5:24 p.m.
I sit in my truck in the bank parking lot, traffic drumming on the other side of the bushes at my bumper, and scroll through the messages on my phone. Missed calls from my mother, a buttload of bills and marketing emails, a flurry of texts from Flavio and a local Housewife hounding me to cater a dinner for the cast and a hundred of their closest friends. I ignore them all, searching for the one I need, but it’s not there.
Ed’s silence cannot be a good sign. It means he couldn’t talk his boss into fronting the funds for my IRA or, at best, that he doesn’t yet have an answer. Either way, I’m screwed.
Jade’s words ring on a constant loop through my head, the way her voice sounded on the phone, how fear turned it high and thin. The sound of it shoots a new jolt of adrenaline through my veins, turning me radioactive. I can’t shake the image of her beaten and bloody and tied to that chair, helpless to stop the bastard from going after the Bees—an image that breaks me.
I run a shaking hand down my face and force myself to focus.
Stick with the plan.
Get the money.
Go get Jade and the Bees.
This mantra is the only thing keeping me sane.
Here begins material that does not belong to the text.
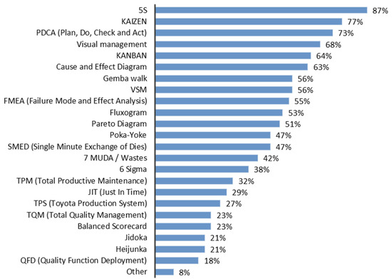 The 5S tool continues to lead the preferences of the companies, with 87%, similar to what occurred in 2011, when it was the preference of 88.6% of Lean companies [35]. Kaizen was the second option with the highest number of responses; it had an increase from 62.9% to 77% since 2011 [35]. This shows that Kaizen has been progressively used in companies operating in Portugal. The PDCA cycle is the following choice, with 73% of respondents claiming to use it in their companies. In another study carried out by students on Industrial Management and Engineering Master in ISEP – School of Engineering, Polytechnic of Porto, Portugal, between 2001 and 2010, in a small sample of 18 companies, 20 Lean tools were identified as being used in industrial projects, with Kanban as the main choice [46]. Finally, the application of Quality Function Deployment (QFD) was chosen by 18% of respondents. It is also verified that 8% of the companies indicate “Other”, which may suggest the existence of other tools created by the companies themselves (Figure 2).

I pull up Ed’s contact card and tap the number for his cell, my leg jiggling against the steering wheel. To my left, a neat line of crepe myrtles flutter under a stiff wind, and I start the car and crank up the heat even though I’m sweating. Panic sweat, the kind that makes you feel cold and slightly nauseous, like you’re coming down with the flu. I gun the gas and the vents spew lukewarm air.
One ring. Two rings. Three. I suck a breath and hold it there, ready to let loose a primal scream if Ed doesn’t pick up.
On the fourth ring, a slurp of garbled static beats through the truck’s speakers, followed by a fumbling of metal against fabric and finally, thankfully, Ed’s voice.
“Hey, Cam. I was just about to give you a call.”
Relief shoots through my veins like a drug, and I settle the phone in the cupholder, then throw the gearshift in Reverse. “Ed, please. For the love of God, please tell me you’ve got good news.”
I look over my shoulder and punch the gas, swinging the truck backward into the mostly empty lot. I’ve already thought about the best way to Ed’s office, on the fourteenth floor of a high-rise on the Buckhead loop, already plugged the coordinates into Waze. I screech to a stop and shove the gearshift into Drive, but Ed’s next words freeze my fist around the stick.
“I’ve got some news, yes, but I’m not certain it’s the good news you’re hoping for.”
A sick tremor works its way across my torso. “Please, Ed. I’m begging you. I am desperate.”
“Yeah. I’m getting that, Cam, and I want you to know that I really went to the mat for you. My boss may be all smiles at those soccer games and cocktail parties we’re always inviting you and Jade to, but here at the bank Alissa is a hard-ass, and she plays by the rules. I have very little wiggle room in these matters.”
The parking lot in front of me smears, a hazy gray wash of asphalt and skeleton branches and gauzy air. “I don’t have time for guessing games, Ed. Just tell me what she said so I can figure out how I’m going to plug the hole.”
“Basically, it’s a yes but. Yes, Alissa agreed to extend a loan to cover the time it takes for us to cash out your IRA, but there are two strings attached. First, she capped the loan at $350,000. Now I realize your IRA is worth much more than that, and that’s great news on the back end, but as far as extending the money up front, Alissa was pretty adamant. Three-fifty is as much as we’ll be able to get out of her.”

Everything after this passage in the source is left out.